* WHAT THE EXERCISE ASKS *
For this exercise, return all the data word for word, with images left out.

* DATASET SECTION *
----------
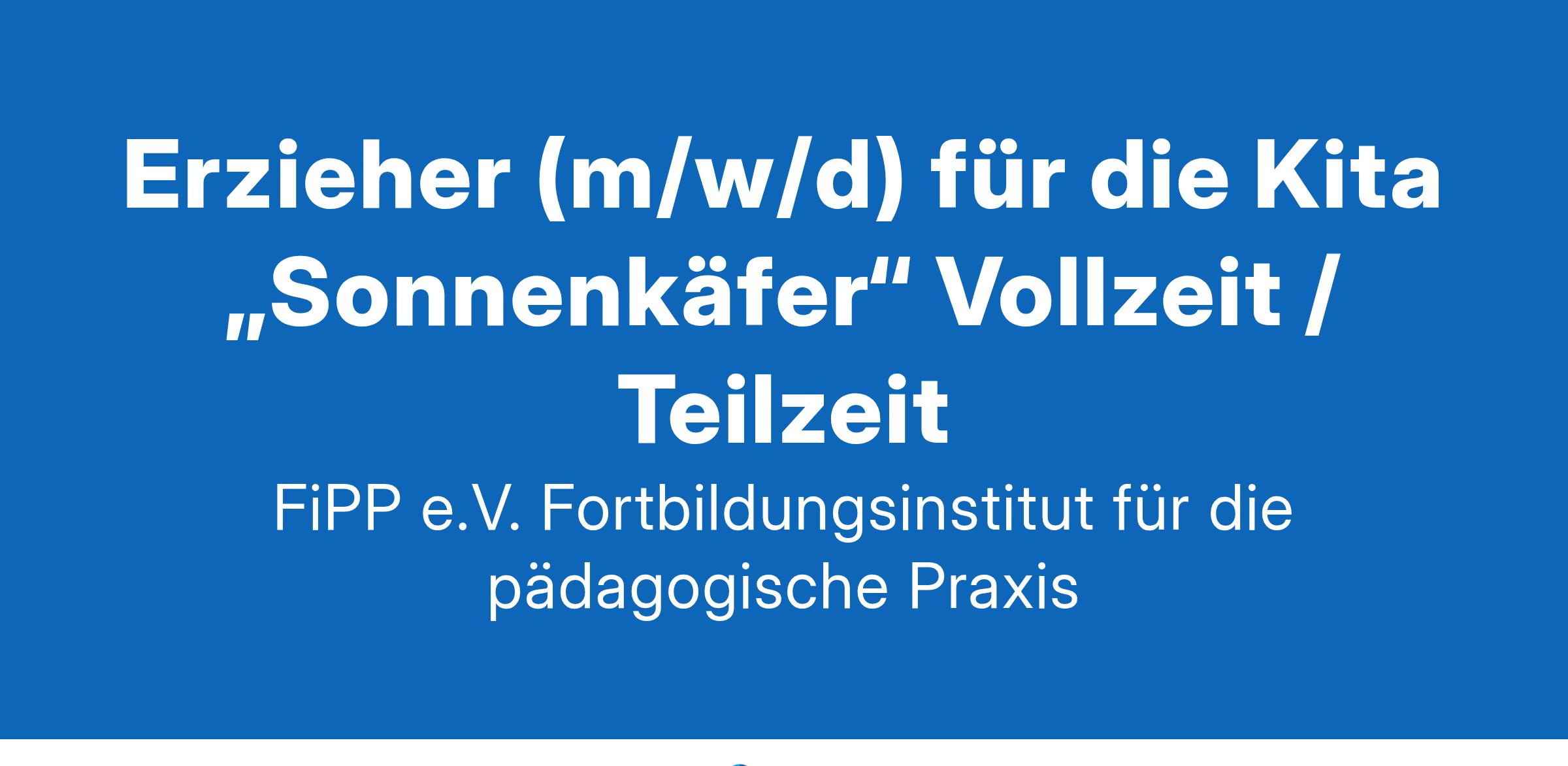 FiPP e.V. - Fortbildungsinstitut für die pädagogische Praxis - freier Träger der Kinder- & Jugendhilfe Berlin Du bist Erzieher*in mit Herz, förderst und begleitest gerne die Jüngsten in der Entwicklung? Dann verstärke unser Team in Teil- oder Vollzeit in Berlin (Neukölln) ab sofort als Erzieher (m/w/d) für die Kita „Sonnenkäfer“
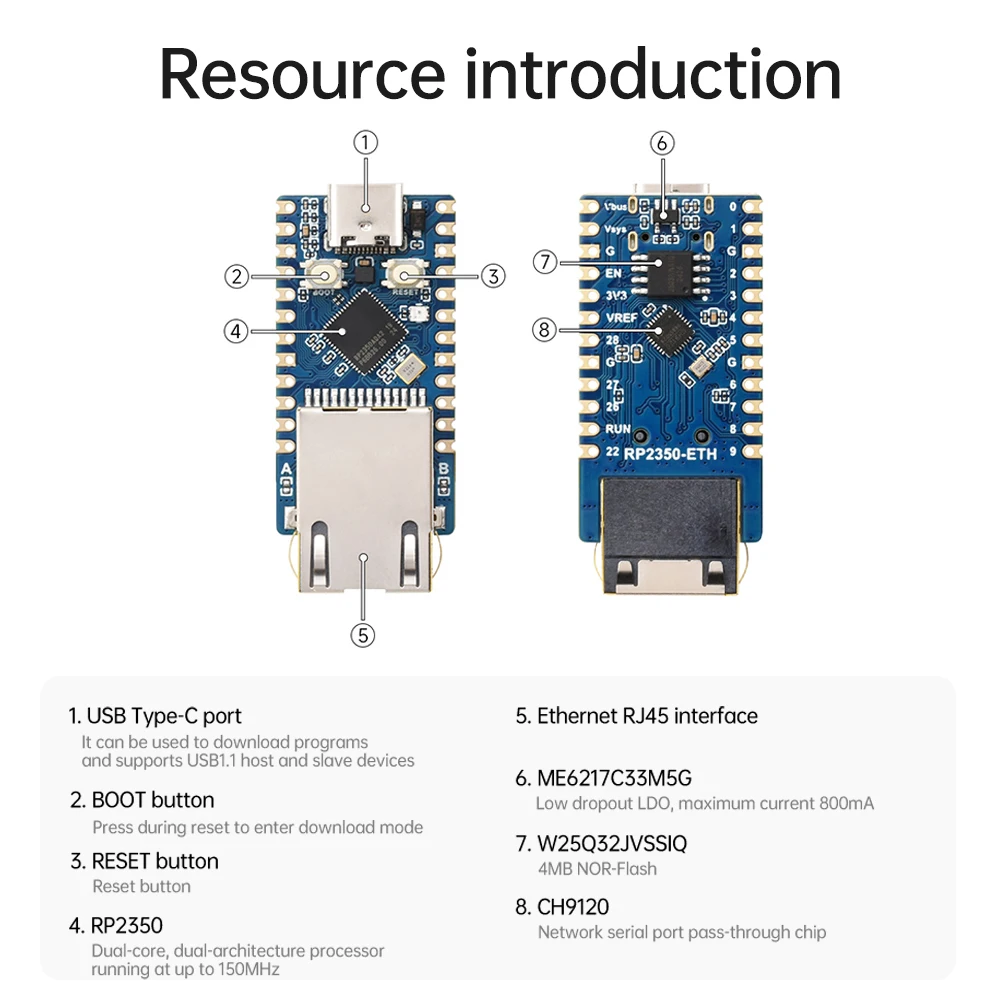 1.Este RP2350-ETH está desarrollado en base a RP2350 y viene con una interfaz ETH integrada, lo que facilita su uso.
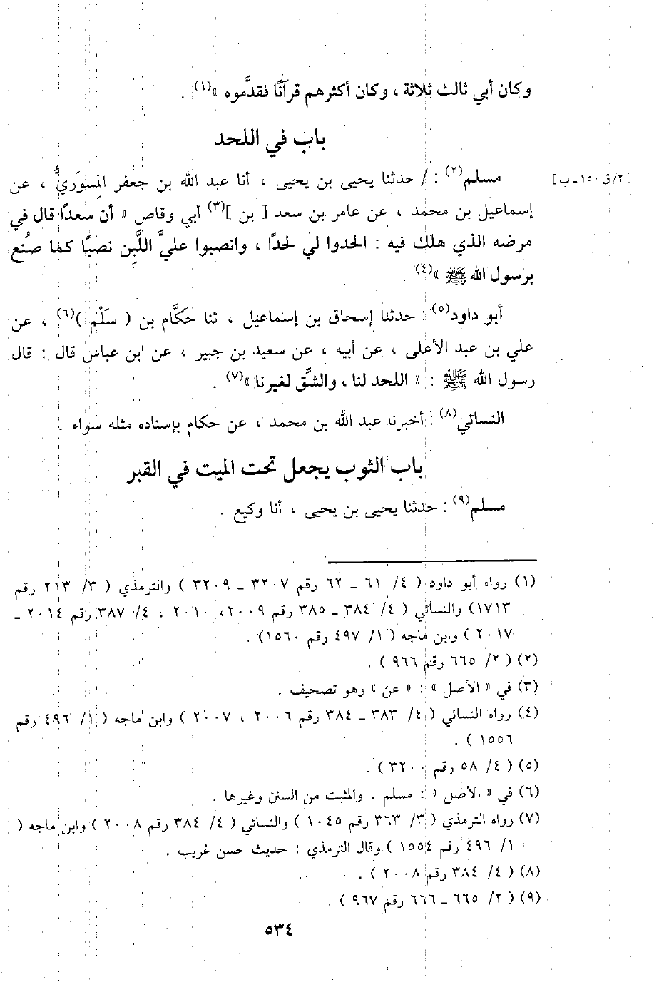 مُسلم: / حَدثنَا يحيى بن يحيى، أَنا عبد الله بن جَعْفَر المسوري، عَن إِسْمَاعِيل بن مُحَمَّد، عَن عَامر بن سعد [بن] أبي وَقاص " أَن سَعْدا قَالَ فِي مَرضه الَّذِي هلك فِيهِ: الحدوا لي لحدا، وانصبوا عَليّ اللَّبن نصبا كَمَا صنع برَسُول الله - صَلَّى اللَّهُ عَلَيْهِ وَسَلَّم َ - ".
----------
* EXERCISE OUTPUT *
 FiPP e.V. - Fortbildungsinstitut für die pädagogische Praxis - freier Träger der Kinder- & Jugendhilfe Berlin Du bist Erzieher*in mit Herz, förderst und begleitest gerne die Jüngsten in der Entwicklung? Dann verstärke unser Team in Teil- oder Vollzeit in Berlin (Neukölln) ab sofort als Erzieher (m/w/d) für die Kita „Sonnenkäfer“
 1.Este RP2350-ETH está desarrollado en base a RP2350 y viene con una interfaz ETH integrada, lo que facilita su uso.
 مُسلم: / حَدثنَا يحيى بن يحيى، أَنا عبد الله بن جَعْفَر المسوري، عَن إِسْمَاعِيل بن مُحَمَّد، عَن عَامر بن سعد [بن] أبي وَقاص " أَن سَعْدا قَالَ فِي مَرضه الَّذِي هلك فِيهِ: الحدوا لي لحدا، وانصبوا عَليّ اللَّبن نصبا كَمَا صنع برَسُول الله - صَلَّى اللَّهُ عَلَيْهِ وَسَلَّم َ - ".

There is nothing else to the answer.